**Task description:** Below are entries; count the lines among them that contain the word "Kennedy", and give only the count.

Record excerpts Block Start

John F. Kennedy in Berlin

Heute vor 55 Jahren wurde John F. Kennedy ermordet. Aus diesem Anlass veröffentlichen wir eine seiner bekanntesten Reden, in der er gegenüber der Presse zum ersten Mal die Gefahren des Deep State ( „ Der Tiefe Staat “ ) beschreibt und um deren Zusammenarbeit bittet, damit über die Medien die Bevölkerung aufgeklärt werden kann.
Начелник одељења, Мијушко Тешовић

Record excerpts Block End
Record excerpts Block Start

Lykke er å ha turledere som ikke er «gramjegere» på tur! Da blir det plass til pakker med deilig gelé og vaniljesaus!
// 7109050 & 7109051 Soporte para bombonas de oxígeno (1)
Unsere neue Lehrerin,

Record excerpts Block End

**Problem solution:** 2